Spring Security - Custom Authentication Provider and HTTP Basic for Actuator Endpoints

Question

I´ve got a running Spring Boot Application (Spring Boot v2.4.1) and I would like to monitor it using Spring Boot Admin.

I have already setup the server and I can monitor the instance of my application with the /actuator/ endpoint not secured. I have a permitAll() on it.

Now I´d like to secure it, but I do not know how to do it without messing with my current Security Configuration.

I have Spring Security configured to match username and password from a DB and with a CustomAuthenticationProvider. If possible I would like to add a Actuator Endpoints with a HTTP Basic authentication.

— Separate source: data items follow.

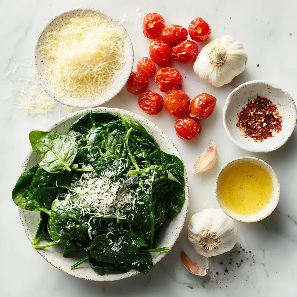 Cherry tomatoes add sweetness and color. Spinach gives a healthy boost and brightens the dish. Seasoning with salt and pepper allows you to tailor the flavor to your liking. Finally, Parmesan cheese adds creaminess and umami. Fresh basil leaves not only look nice but add a fresh aroma.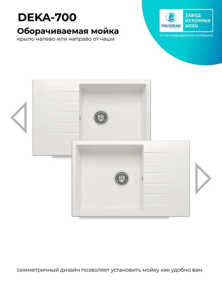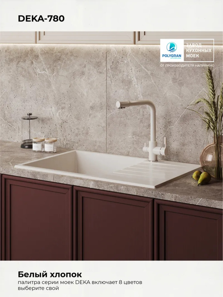 Быстрая покупка товара: Кухонная мойка Polygran DEKA 780 белый хлопок код: 150810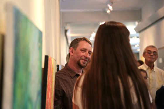 На вернисаже были многочисленные поклонникимастера,художники, фотографы, музыкантыАкадемгородка - соратники из группы М'арт, где Олег совершенствовал свое мастерство под руководством Н.А.Чижик, Олег Шелудяков, Елена Юдина, Галина Чирикова, Владимир Козлов.
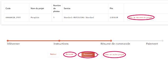Si tout vous semble bon, il vous suffit ensuite de cliquer sur "Paiement", vous avez aussi la possibilité de créer un autre Projet avant de procéder au règlement :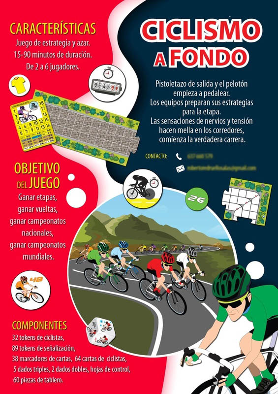 However, at least one of these games was released to the public. "Ciclismo a fondo" was available for a few months through a Spanish copy shop website. It was an unusual distribution strategy, almost a print-and-play game, except that you did not need a printer: you bought the prints, but you still had to cut and assemble the parts. Unfortunately, this strategy did not seem to work, and the prints are not available anymore. Nevertheless, all the work has not been done in vain, and I can (proudly) announce that this game is offered as a free print-and-play download for the first time (scroll down for the direct link).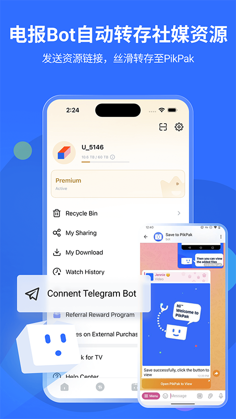 PikPak的免费版提供6GB空间,付费的话可以达到10TB,满足不同用户的需求。最特别的是它的“边下边播”功能,把视频链接发给机器人就能直接看,省事多了。还有在线编辑文档、设置文件有效期和密码、一键转存等功能,用起来很灵活。

This is my current security config:

http.
            authorizeRequests()
            .antMatchers("/admin/**").hasAuthority(AUTHORITY_ADMIN)
            .antMatchers("/user/**").hasAnyAuthority(AUTHORITY_ADMIN, AUTHORITY_USER)
            .anyRequest().authenticated()
            .and()
            .csrf().disable()
            .formLogin()
            .loginPage("/login")
            .failureUrl("/login?error=true")
            .successHandler(new CustomUrlAuthenticationSuccessHandler(translator))
            .usernameParameter("username")
            .passwordParameter("password")
            .and()
            .logout()
            .logoutUrl("/logout")
            .logoutSuccessUrl("/")
            .and()
            .exceptionHandling().accessDeniedPage("/403")
            .and()
            .headers().frameOptions().sameOrigin();

I would like to keep that configuration and also tell spring that whenever a user hits /actuator/ endpoint, it will requiere HTTP Basic Security credentials.

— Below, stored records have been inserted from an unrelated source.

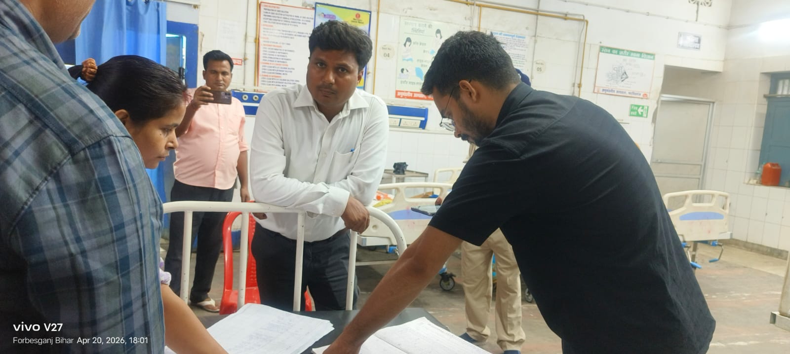 जिले में स्वास्थ्य सेवाओं को बेहतर और जवाबदेह बनाने के उद्देश्य से जिला पदाधिकारी अररिया श्री विनोद दूहन के निर्देश पर सरकारी अस्पतालों की व्यापक जांच की जा रही है। इस अभियान के तहत विभिन्न स्वास्थ्य संस्थानों का औचक निरीक्षण किया जा रहा है, ताकि आम जनता को मिलने वाली सुविधाओं की वास्तविक स्थिति का आकलन किया जा सके।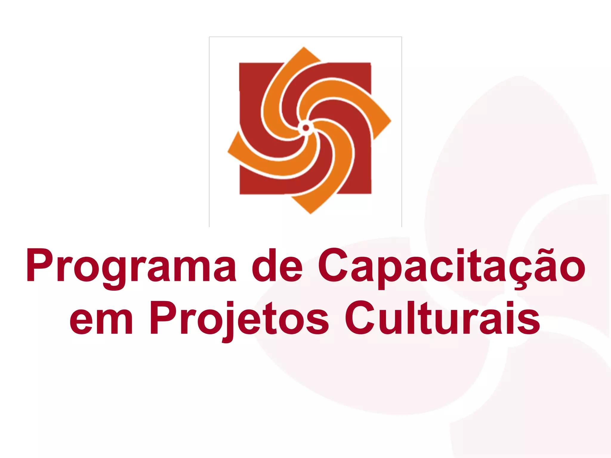 O documento descreve um programa de capacitação para agentes culturais dos setores público e privado com o objetivo de ensinar sobre elaboração e gestão de projetos culturais de forma alinhada às políticas públicas e capazes de buscar diversas parcerias e apoios. O programa iniciou em 2008 com oficinas presenciais e agora terá novas etapas incluindo cursos online e oficinas presenciais em várias regiões do Brasil.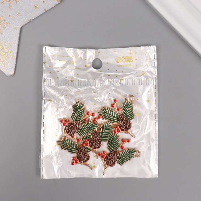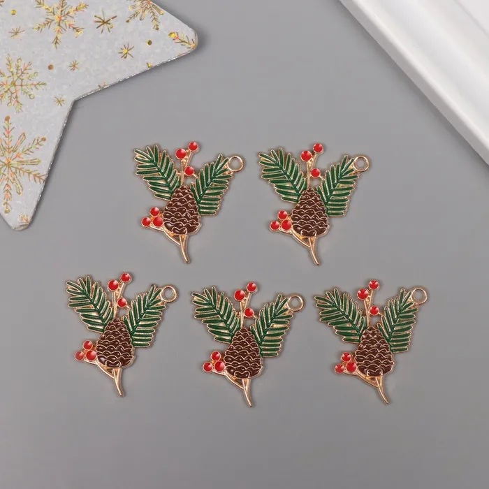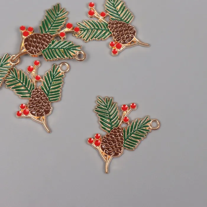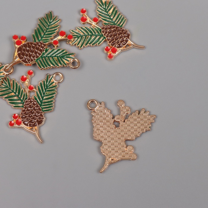 Декор для творчества металл, эмаль «Сосновая ветка», 3.2×2.6 см — Характеристики
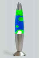 Настольная двухцветная лава-лампа с жёлтым воском и синей жидкостью, имеющая форму «ракеты», 35 см высотой на металлической подставке.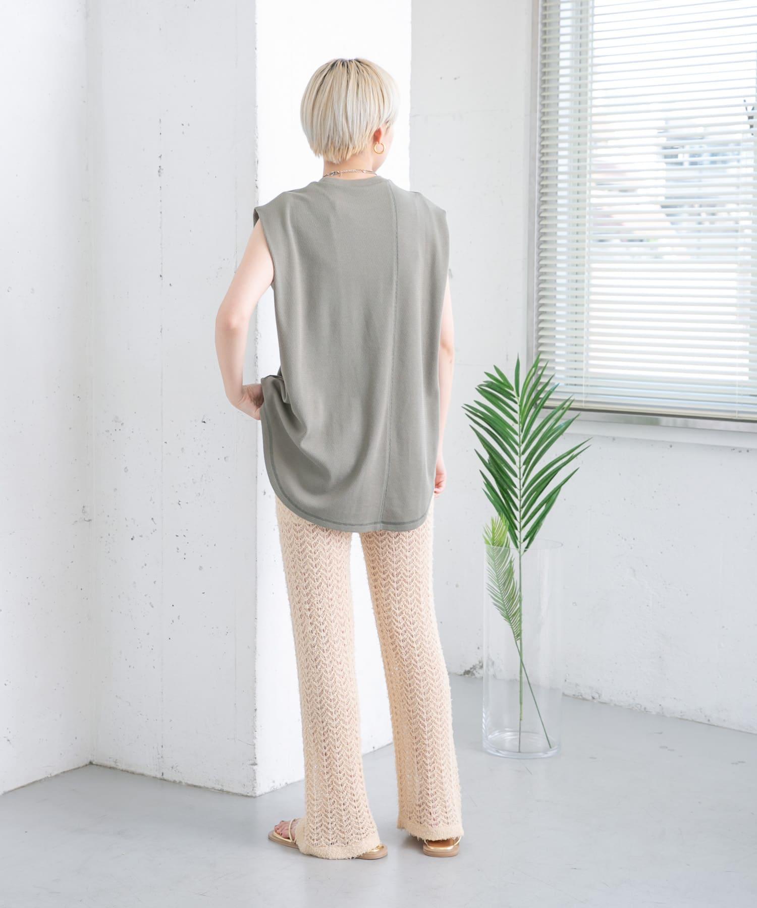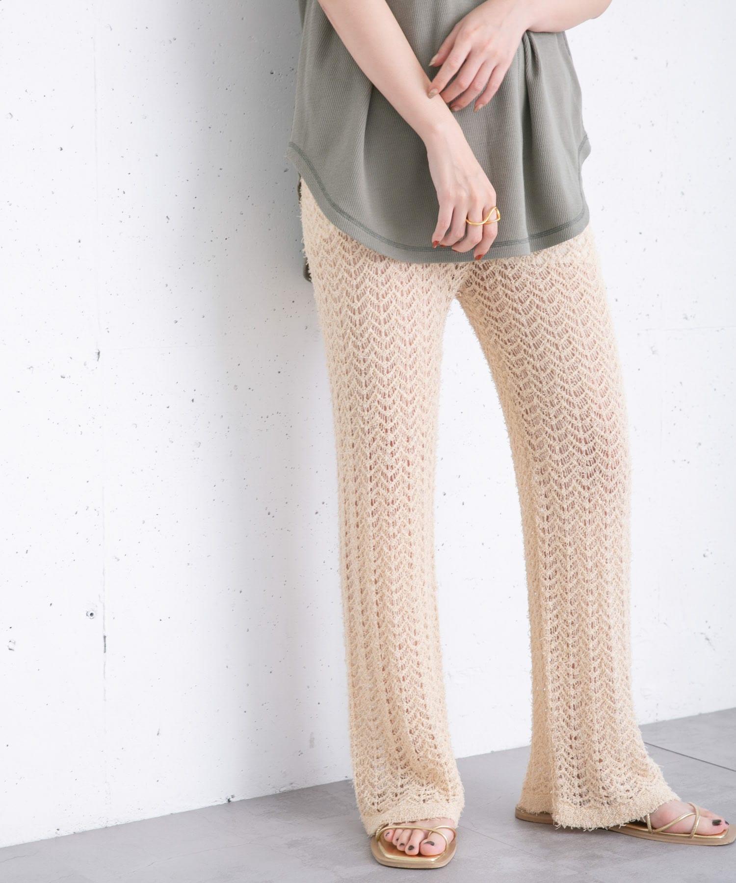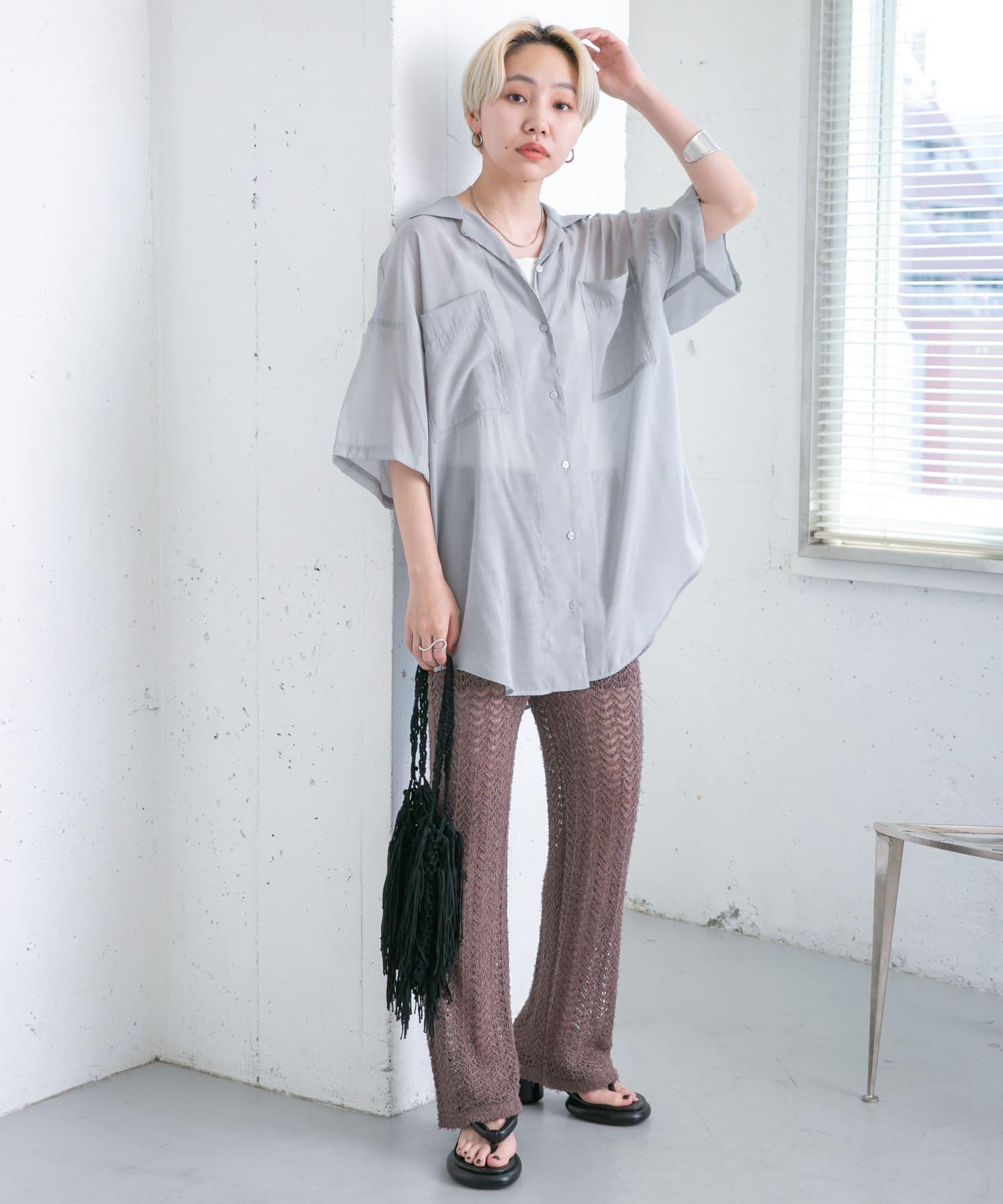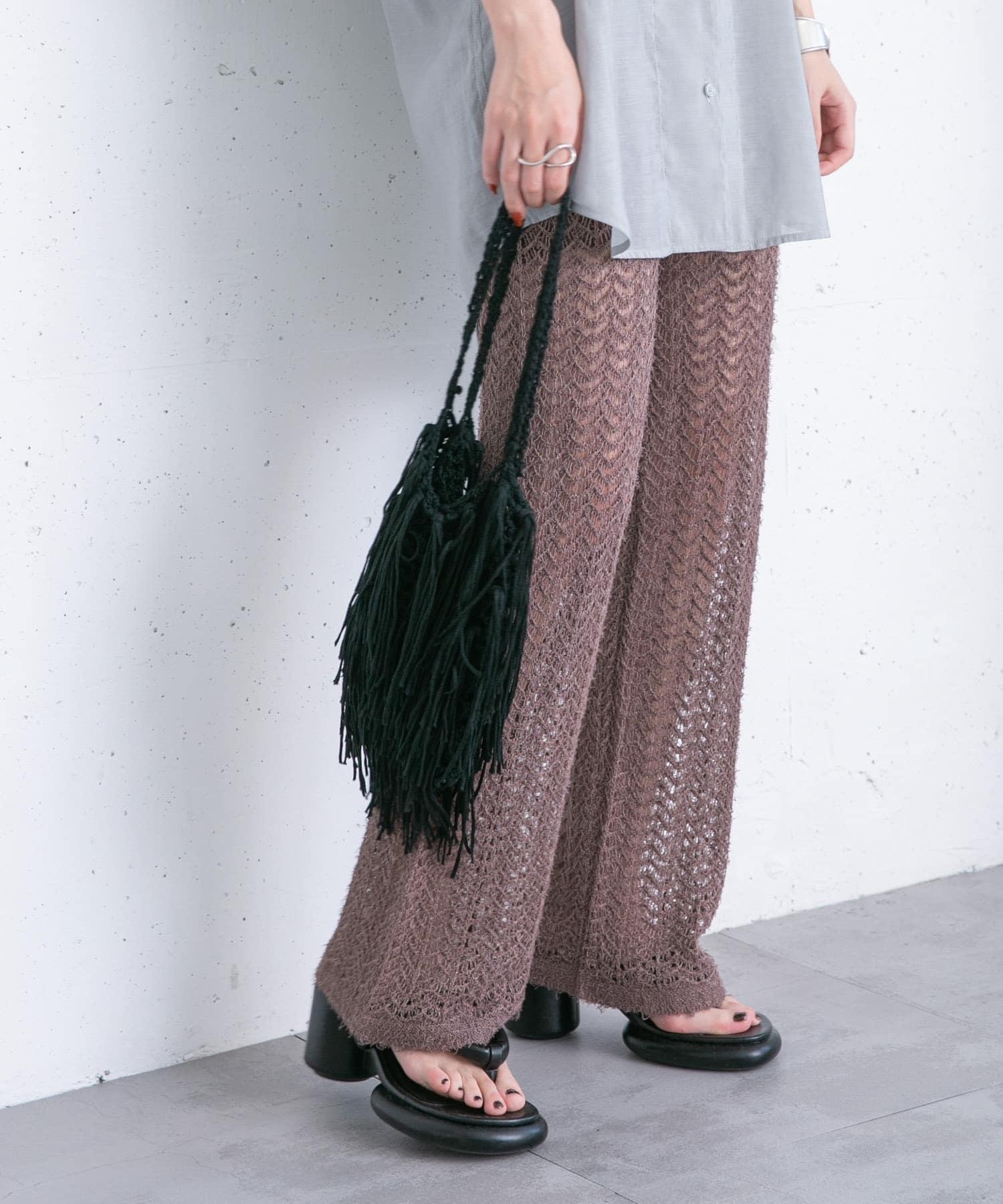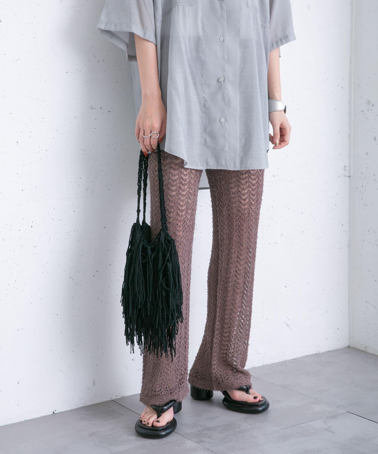 由於其通透性,建議與稍長的上衣、外衣和連衣裙搭配。尤其是長款連身裙,往往會以同樣的方式進行搭配,因此請盡情享受褲子帶來的變化。也有與裙子相同材質的款式(KB35-25J130)。

I was thinking on having two @Configuration classes, extending WebSecurityConfigurerAdapter. One would be the one I´ve already got and the other one for the actuator endpoints. But I had no luck with it.

Thank you

Thank you very much

Answer 1

This is how I solve it: I create a new @Configuraiton class extending WebSecurityConfigurerAdapter,

I was unable to stop using WebSecurityConfigurerAdapter (as suggested by @Marcus-Hert-da-Coregio in the comments) because if I do not extend it I was not able to define my custom AuthenticationProvider.

This class has @Order(1) so it would take precedence over my other initial configuration (which I set to @Order(2)). And this is it's content:

@Override
    protected void configure(HttpSecurity http) throws Exception {
        http
                .antMatcher("/actuator/**")
                .csrf().disable()
                .authorizeRequests()
                    .anyRequest().authenticated()
                .and()
                .httpBasic()
                .and()
                .sessionManagement().sessionCreationPolicy(SessionCreationPolicy.STATELESS);
    }

Then my custom AuthenticationProvider will verify if the given credentials for accessing the actuator endpoints are valid.

Addittional information

The reason why this fails the first time I test it was because I was not setting the initial

.antMatcher("/actuator/**")

by adding it I was telling SpringSecurity that this configuration should only be applied to those endpoints. I get that notion from this article

I hope this helps someone in the future

Answer 2

You can create two SecurityFilterChain beans, one for your /actuator/** endpoint with higher priority, and other to every other endpoint with lower priority, like so:

@Bean
@Order(1)
public SecurityFilterChain actuatorWebSecurity(HttpSecurity http) throws Exception {
    http.requestMatchers((matchers) -> matchers
        .antMatchers("/actuator/**"));
    http.authorizeRequests((authz) -> authz
        .anyRequest().authenticated());
    http.httpBasic();
    http.userDetailsService(myUserDetailsService);
    ...
    return http.build();
}

@Bean
@Order(2)
public SecurityFilterChain defaultWebSecurity(HttpSecurity http) throws Exception {
    // your current configuration
}

In this configuration, the @Order annotation tells the order that the SecurityFilterChains are gonna be matched against the requests.